Two interesting features of RDF are that it tracks the sources of individual data elements -very useful when records are built up by a variety of organisations enhancing data along the line – and that it can provide an envelope for data in other formats. So it would be possible, say, for a library supplier to embed a MARC record for library use in a publisher’s metadata record. The potential implications of that are explored below.

WHAT IS THE FUTURE FOR MARC?

This question took on a special significance for the UK community when it began to consider embarking on harmonising its national format with MARC21. It would be especially unfortunate if libraries were to invest in changing their systems to MARC21 only to find that within a few years MARC is replaced, say, by ONIX or Dublin Core records encoded in the XML format. As leader of the harmonisation consultation exercise I approached three ‚gurus’ of the information world for their opinion on the future of MARC. I shall not disclose the identities of the gurus, in case I have oversimplified what they told me, or in case they have since modified their views! Interestingly no single common view emerged.

One leading light, closely involved with developing the MARC format, saw MARC lasting at least 15 years in to the future and probably longer, because of the huge investment by libraries in systems and data. Crosswalks between formats were seen as the way of achieving interoperability, and continuing development of the format would accommodate new applications and data types.
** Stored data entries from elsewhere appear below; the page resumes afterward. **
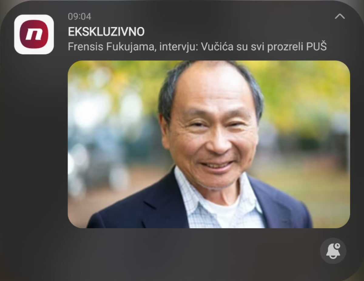 Naime, tajkunski portal Nova, medijsko glasilo koje u svakoj prilici i na svakom mestu napada šefa države, požurio je da objavi intevju sa Frensisom Fukojamom, u kome Fukojama tvrdi da su "Vučića svi prozreli", ali im se u svemu potkrala i greška.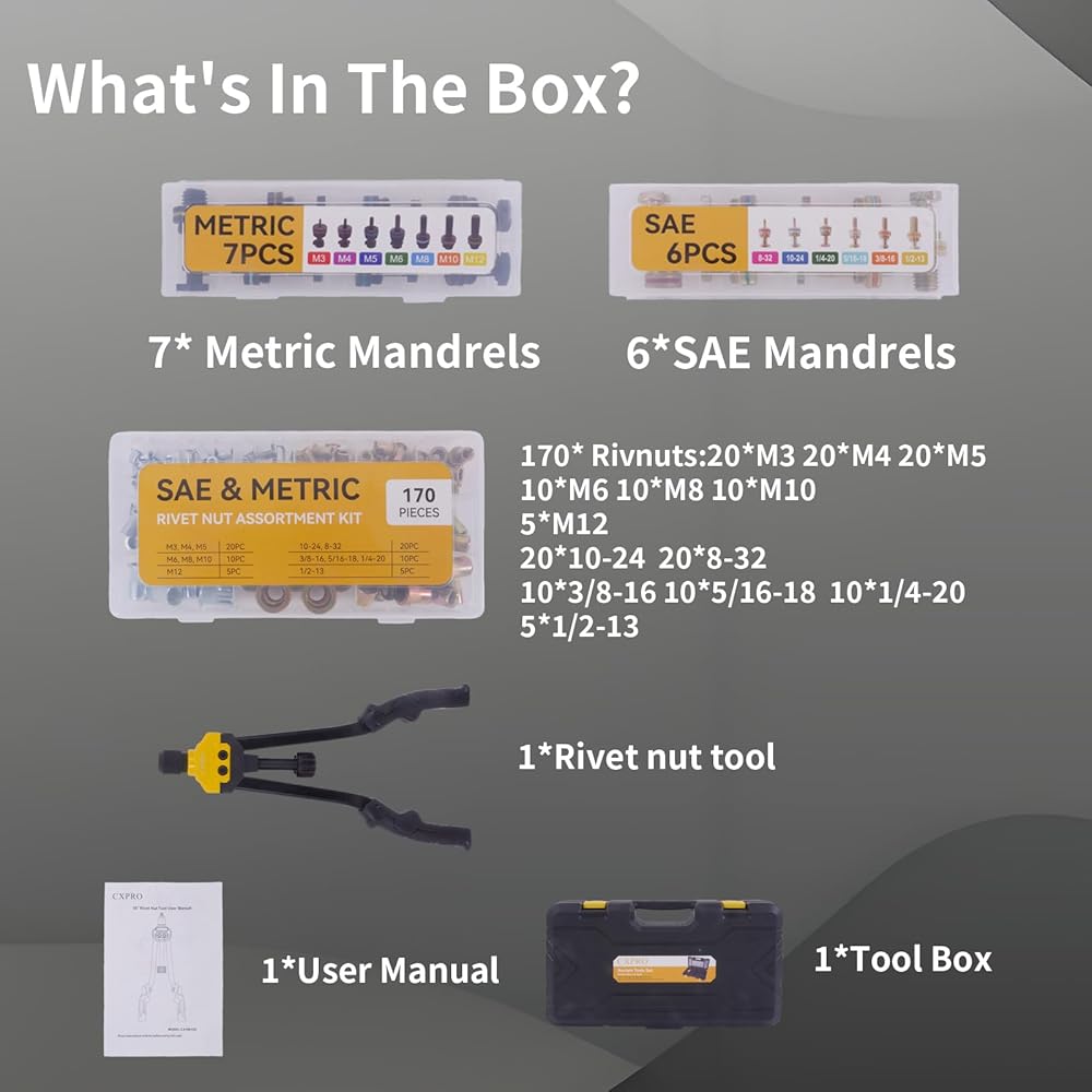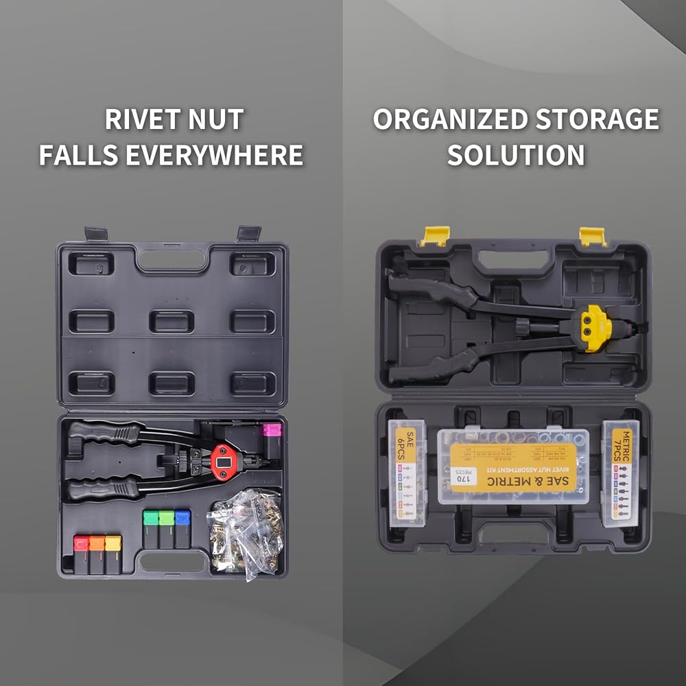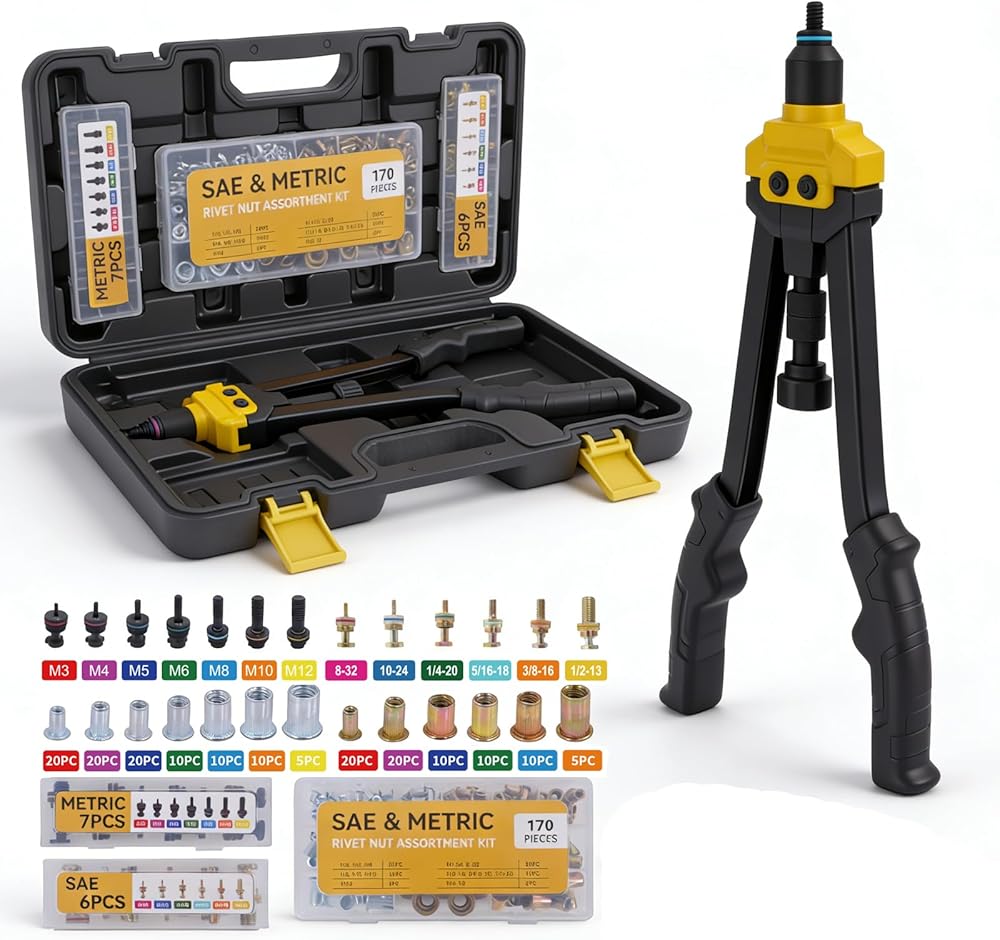 مجموعة أدوات صامولة البرشام، مجموعة أدوات ريفنوت 16 بوصة مع 13 مماسك متري وSAE، مجموعة متنوعة من صواميل البرشام 170 قطعة، حقيبة حمل متينة، مثالية للصفائح المعدنية وأعمال السيارات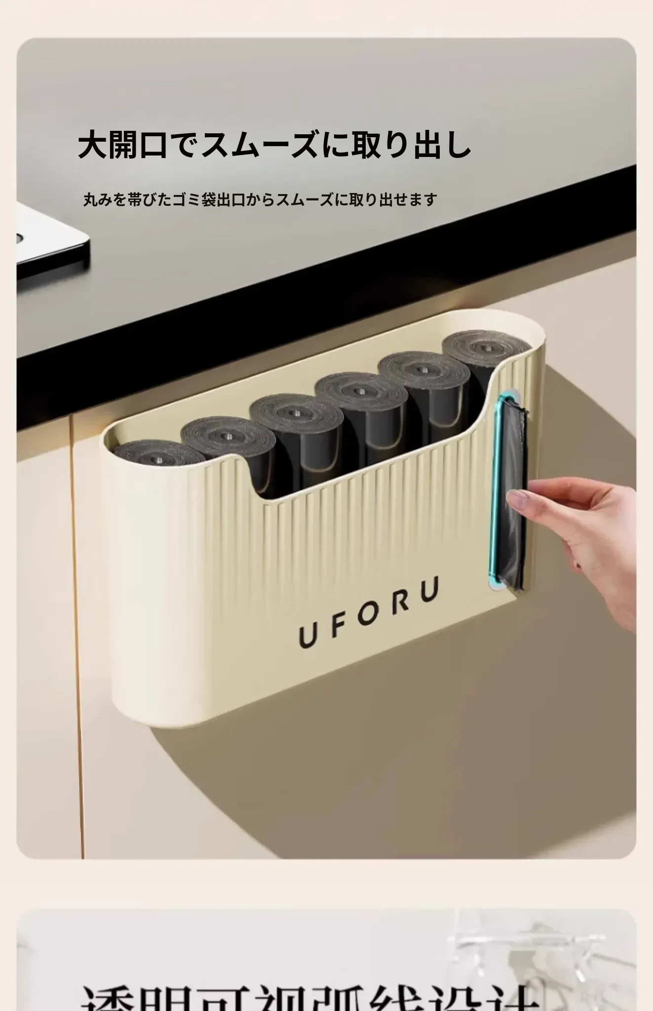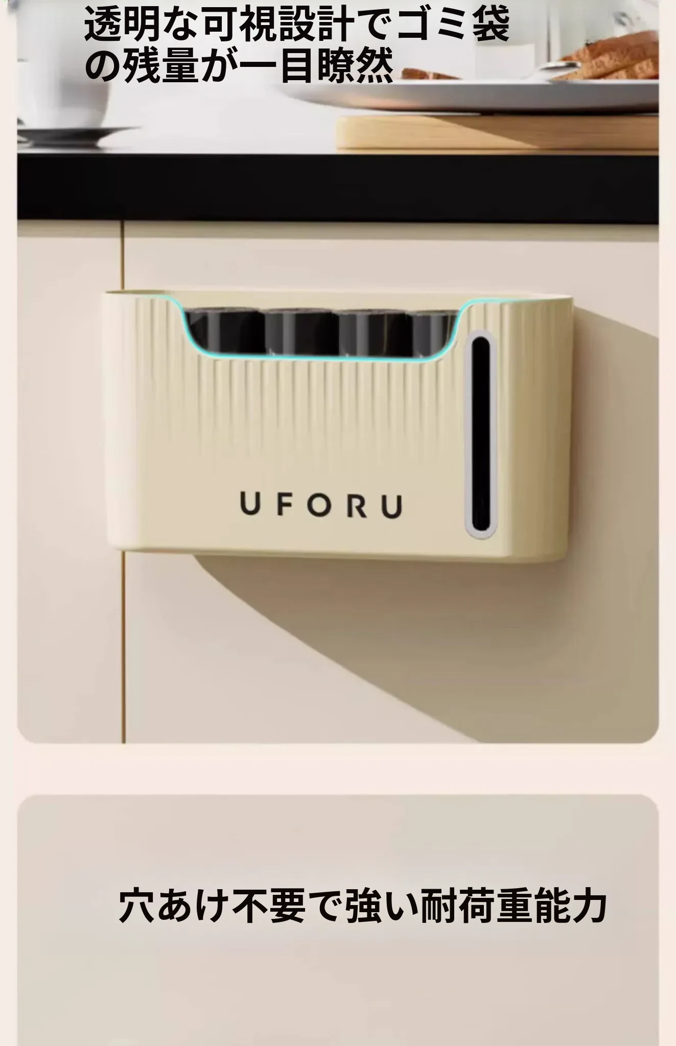 クリーム風キッチンゴミ袋収納神器 壁掛け式・穴あけ不要の大容量プラスチック袋抽出式収納ボックス!キッチンをスッキリ整理整頓し、使いやすさ抜群!おしゃれなデザインで毎日の料理をもっと楽しく!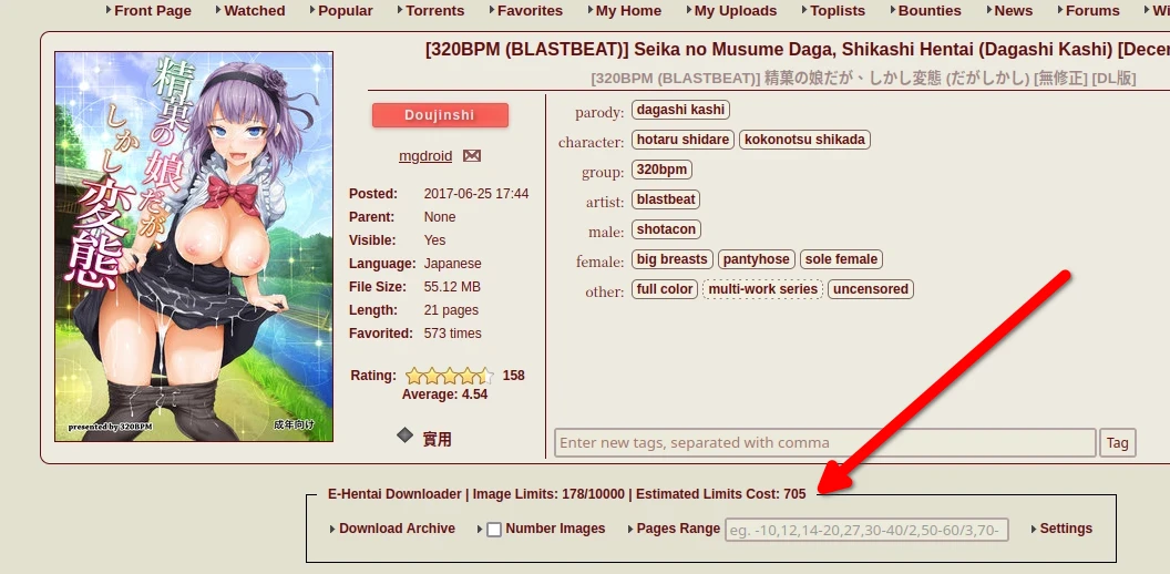 每個IP一天內有5000點流量限制(會員銅星10000點),下載一本20頁的本子約會花掉700點。以此換算下來每天可以下載7本原始畫質的本子。若需要大量下載,建議還是用Archive Download。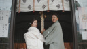 海風が冷えてきた時間帯さりげない新郎様の気遣いカット!大切な人への素敵な気持ちがいっぱいですね!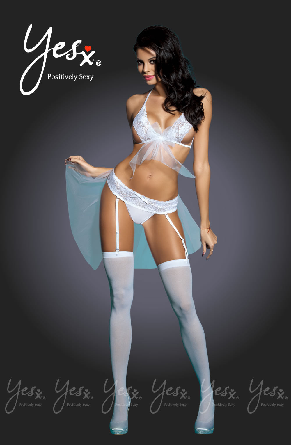 Beautiful 3 pieces lace bra with butterfly knot swallow tail garter thong and pretty matching stockings.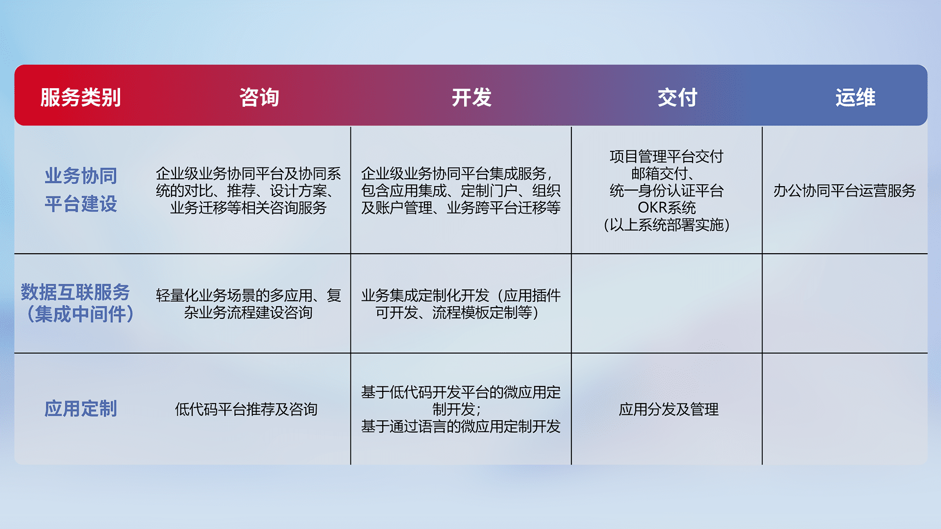 针对钉钉、、、、企微、、、、IDaas等平台级产品提供产品的规划、、方案、、、交付、、、定制化开发等服务,,,,实现如统一协同办公、、、、智能客户服务、、、、混合会议管理、、、智能数据查询、、、、等业务场景,,实现数字化转型。。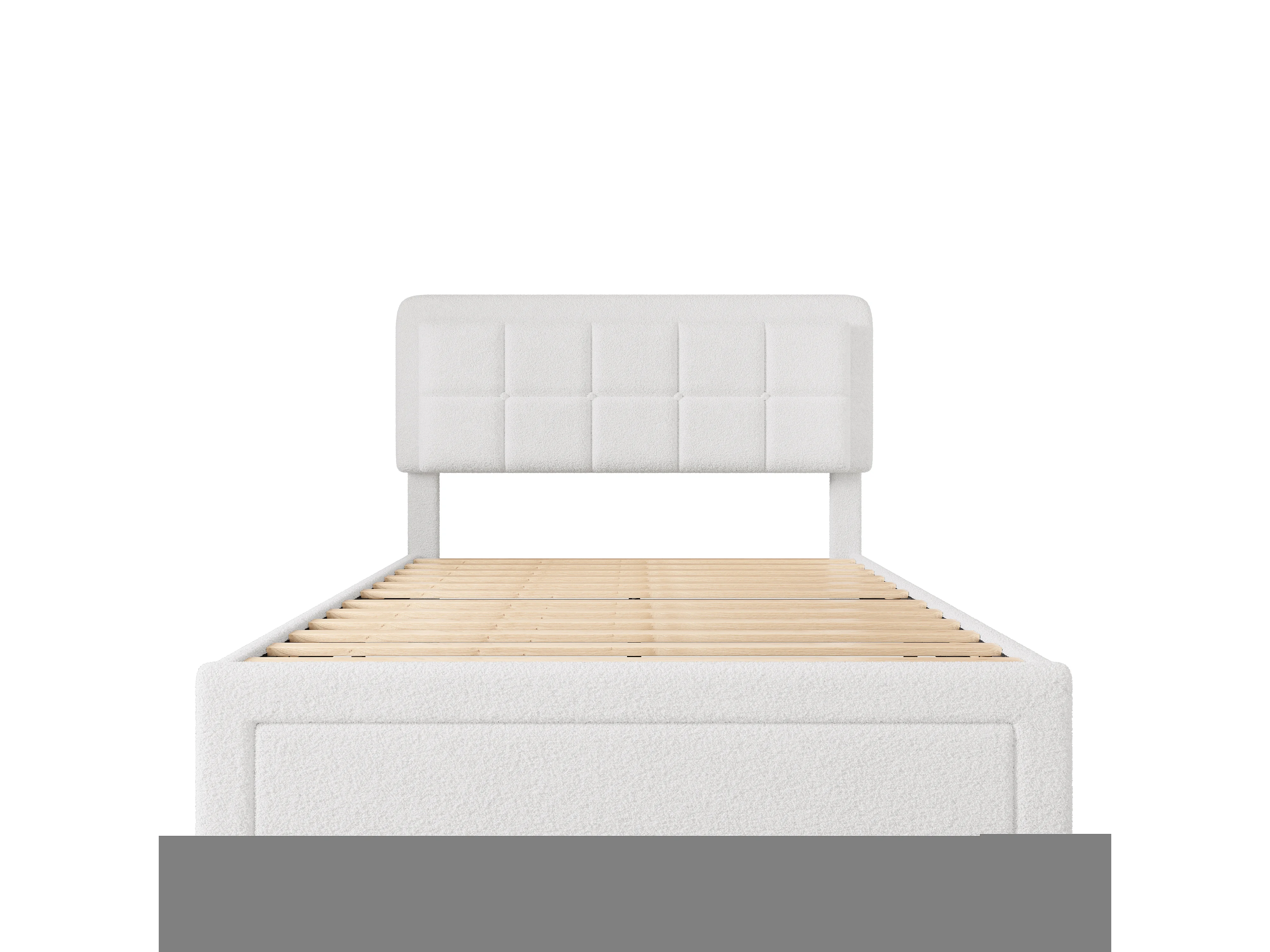 Lit adulte 140x200 cm avec LED et USB, 1 tiroir de rangement - peluche blanche (sans matelas)

Another guru closely associated with Dublin Core believed that the sheer weight of economics would force libraries to cut cataloguing costs, as they have to cope with increasing volumes of material in both print and digital forms. Because the simple structure of Dublin Core makes it cheap to apply, he predicted that DC would replace MARC for cataloguing both digital and print documents.

The third opinion former, who is not associated with any particular standards camp, postulated that XML format records would be used cross-sectorally for carrying data, but that MARC records for libraries might be embedded within the envelope of the XML records. In that way libraries could continue to capitalise on their existing systems and catalogue databases while reaping the benefits of interoperability and the rich data being generated in the trade sector.

The conclusion drawn as a result of these divergent views and other soundings was that MARC harmonisation is still a valid goal, not only for its immediate benefits for record sharing across international boundaries, but also to provide a common platform from which libraries could make a coordinated jump to a new standard in the future, saving costs through having common conversion tools.

CATALOGUING RULES

Cataloguing rules are the area where there is arguably the least international standardisation. This could be a barrier that remains when format issues etc are resolved. The Anglo-American Cataloguing Rules (AACR) is the most widely used code, but its influence is confined largely to the English-speaking world. However, the growing interest in AACR from other regions, including LIBER members, has prompted a review by the Committee of Principals for AACR, which is looking at internationalisation of the code’s development and governance.

The virtual library environment means that not only must cataloguing rules cope with digital documents, but they must be also be capable of facilitating access to items from a collection that now expands well beyond the physical confines of one institution. The Committee of Principals held an international conference in 199711 to discuss how AACR might have to change for the new environment. The recommendations of the conference shaped the development process that has been going on ever since12.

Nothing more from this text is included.